A judge found Alexandria Duval not guilty after a trial that started on Monday. Duval opted to have a judge instead of a jury decide the case.

Authorities described the 2016 crash as a hair-pulling fight over the steering wheel. The sisters were seen arguing on the narrow, winding Hana Highway on the island of Maui before their SUV plunged 200 feet over a cliff.

The crash was a tragic accident, Alexandria Duval's defence attorney, Birney Bervar said in his opening statement.

Authorities said Alexandria was behind the wheel of a Ford Explorer when witnesses saw the sisters arguing on the perilously narrow, twisting route along a scenic stretch of coastline.

A witness cleaning a family gravesite on the highway shoulder told police that he heard a woman screaming in the vehicle and that the passenger was pulling the driver's hair and the steering wheel.

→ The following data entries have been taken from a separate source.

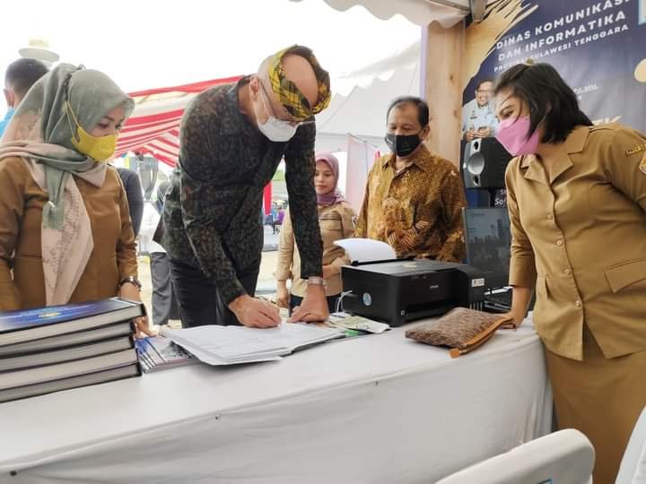 KENDARI – Duta besar luar biasa dan berkuasa penuh (dubes LBBP) Republik Ceko Jaroslav Dolecek, berkunjung ke stand pameran Dinas Komunikasi dan Informatika Provinsi Sulawesi Tenggara (Sultra), Selasa (8/2/2022)
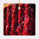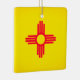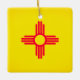 Square ornament with an image of the State Flag of New Mexico on the front and an image of red chiles ristra peppers on the back.
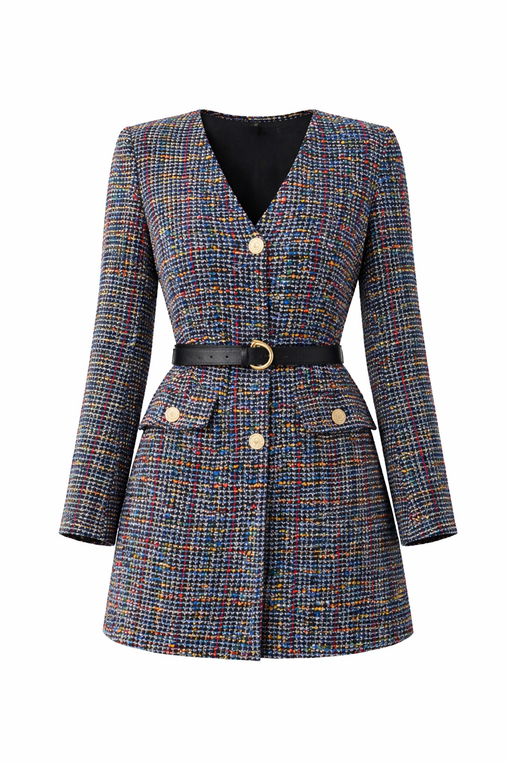 Az arany gombok elegáns, dekoratív részletként emelik ki a ruhát, az öv pedig nem a ruhához tartozik, így szabadon variálható a stílusos kiegészítéssel. Tökéletes választás alkalmi eseményekre, esti programokra vagy egy magabiztos, elegáns megjelenéshez.
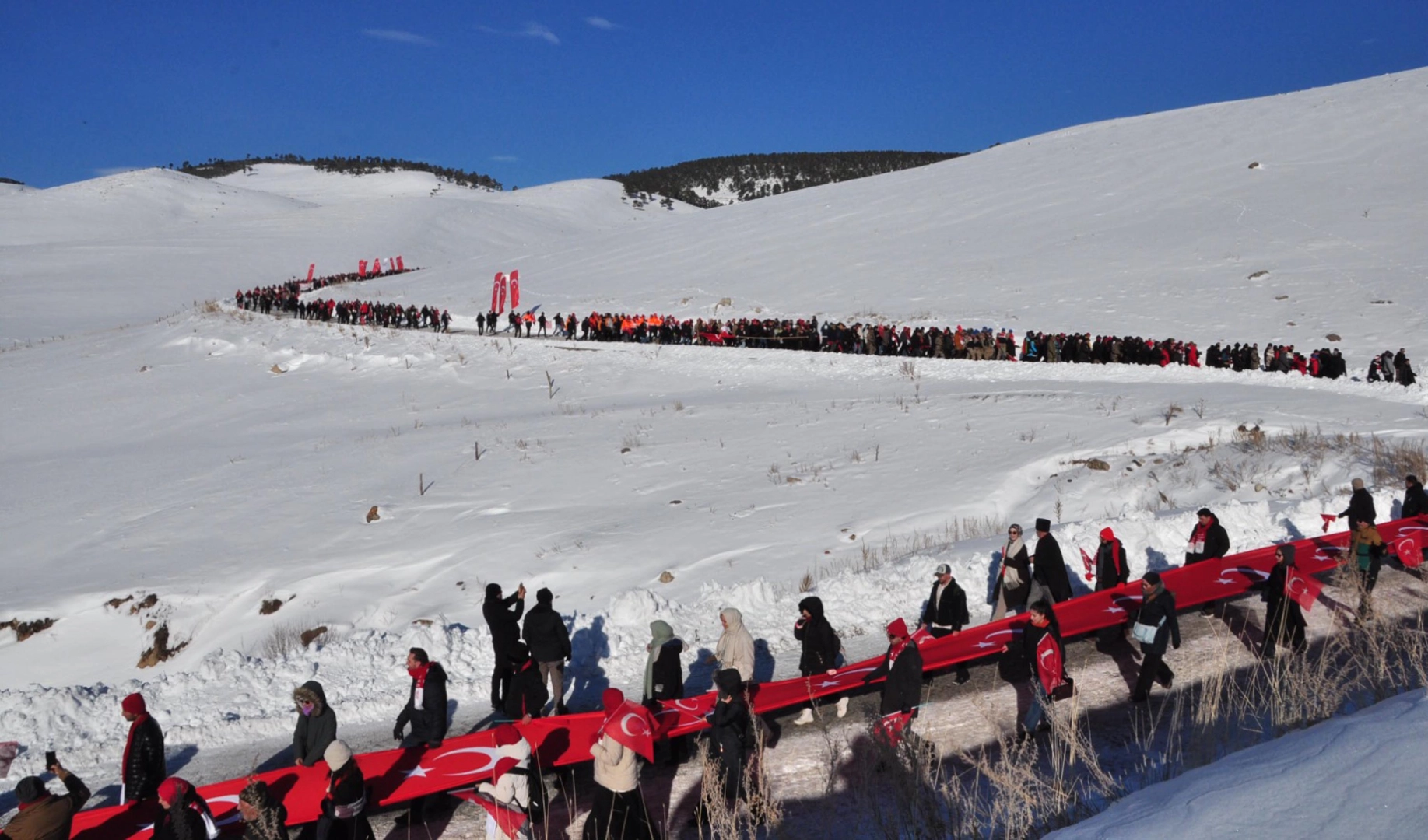 Sarıkamış Harekatı sırasında donarak şehit olan binlerce Mehmetçik’i anma programı kapsamında sabah saatlerinde toplanma merkezinde bir araya gelenler, ellerinde bayraklarla 5,5 kilometrelik yürüyüş için hazırlandı. Termometrelerin eksi 22 dereceyi gösterdiği Sarıkamış'ta 'Türkiye Şehitleriyle Yürüyor' temalı yürüyüşe katılanlara, Türk Kızılay tarafından çorba, çay, kete ikram edildi. Okunan duanın ardından önde Atatürk posteri ve Türk bayrağı ile binlerce kişi yürüyüşe başladı. Yürüyüşe, Aile ve Sosyal Hizmetler Bakanı Mahinur Özdemir Göktaş, Gençlik ve Spor Bakanı Osman Aşkın Bak da katıldı. Kızılçubuk Toplanma Alanında 09.00’da başlayan yürüyüş, Ay Yıldız Tören Alanında sona erdi. Yaklaşık 1,5 saat süren yürüyüş sırasında jandarma ve polis ekipleri güvenlik önlemi aldı. Kars İl Sağlık Müdürlüğü de yürüyüş güzergahında soğuk hava ve don nedeniyle UMKE ve sağlık ekipleri konuşlandırdı.

Anastasia Duval was in the passenger seat and was killed, and her sister Alexandria Duval was arrested.

A judge later ordered Alexandria Duval released after finding no probable cause for a murder charge. She travelled to upstate New York and was arrested months later in Albany after a grand jury indicted her.

'Extremely emotional ordeal'

Witnesses testified seeing the women arguing on the narrow highway. Duval did not testify.

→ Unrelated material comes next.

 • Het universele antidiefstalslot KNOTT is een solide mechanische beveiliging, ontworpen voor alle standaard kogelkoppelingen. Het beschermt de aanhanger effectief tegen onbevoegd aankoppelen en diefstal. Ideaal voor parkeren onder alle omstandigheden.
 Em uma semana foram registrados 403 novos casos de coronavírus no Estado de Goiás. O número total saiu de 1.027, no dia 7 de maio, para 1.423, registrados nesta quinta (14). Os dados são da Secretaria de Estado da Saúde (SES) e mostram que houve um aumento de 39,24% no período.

"I'm disappointed," Maui County Prosecuting Attorney JD Kim said after the verdict. "The facts clearly show it was at least reckless behaviour."

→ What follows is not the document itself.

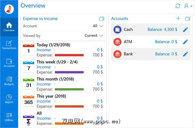 Perfect Accounting Assistant是另一个出色的Windows应用程序,用于预算您的钱。与其他帐户一样,您也有现金,借记卡或其他特定帐户。因此,添加您的收入,选择一个类别,并包括日期。您也可以为丈夫或妻子等其他家庭成员增加收入,以获取完整的家庭预算。
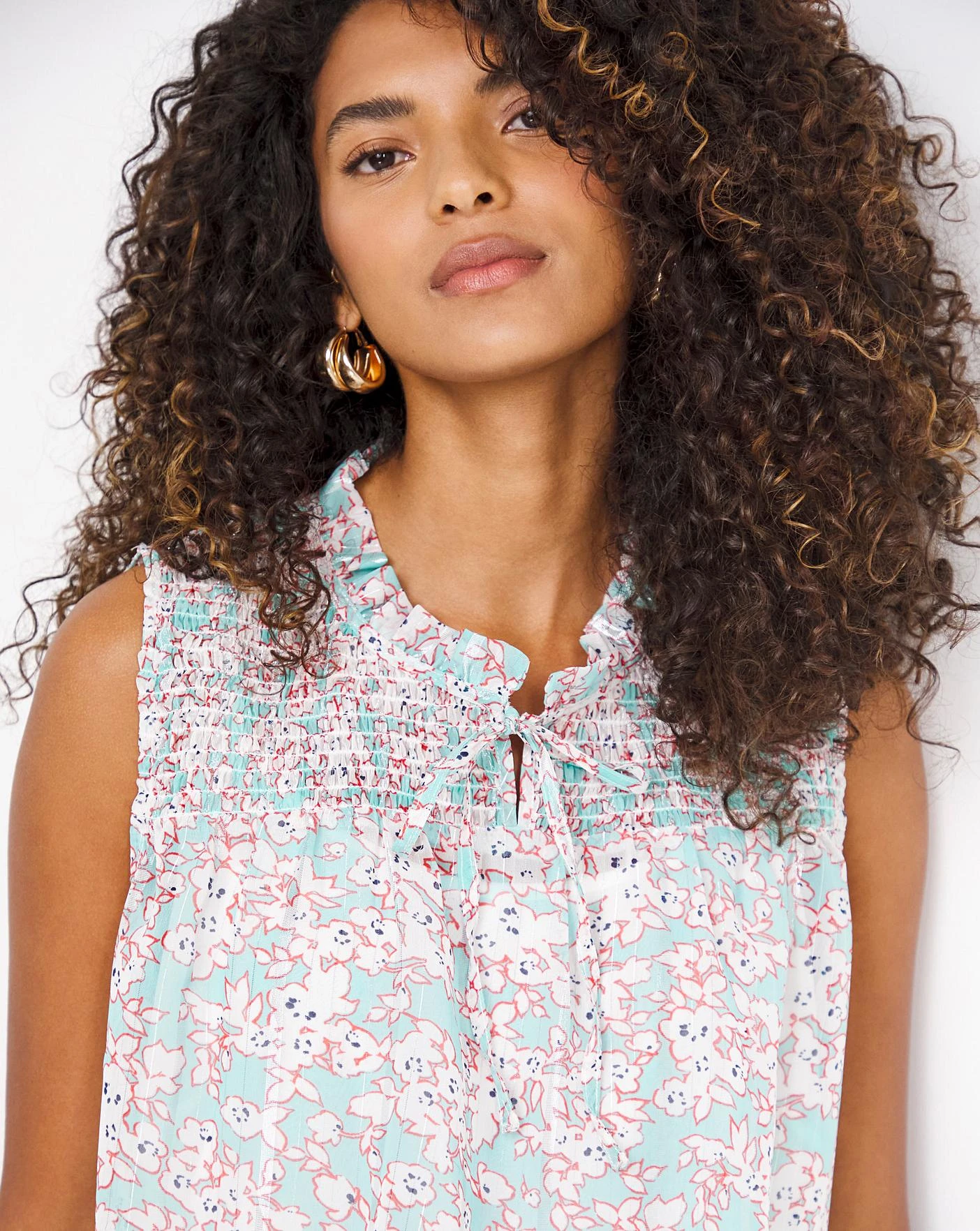 Embrace the new season with our sleeveless lurex shirred yoke top. In a stunning summer print, this top can be paired perfectly with jeans, or a pair of shorts on warmer days. This is a sheer top with no cami or lining. Relaxed fit.

Duval left the courtroom without commenting, The Maui News reported.

"It's been an extremely emotional ordeal for her," Bervar told the newspaper. "You can't imagine losing your twin sister in that kind of catastrophic, tragic accident, then being charged with causing the death of your sister, which she didn't. She's extremely relieved."

Duval is going to take some time to figure out what to do next, Bervar told The Associated Press.

The sisters, born Alison and Ann Dadow in the Utica, New York, area, operated popular yoga studios in Florida before they changed their names. They moved to Hawaii in 2015 from Utah.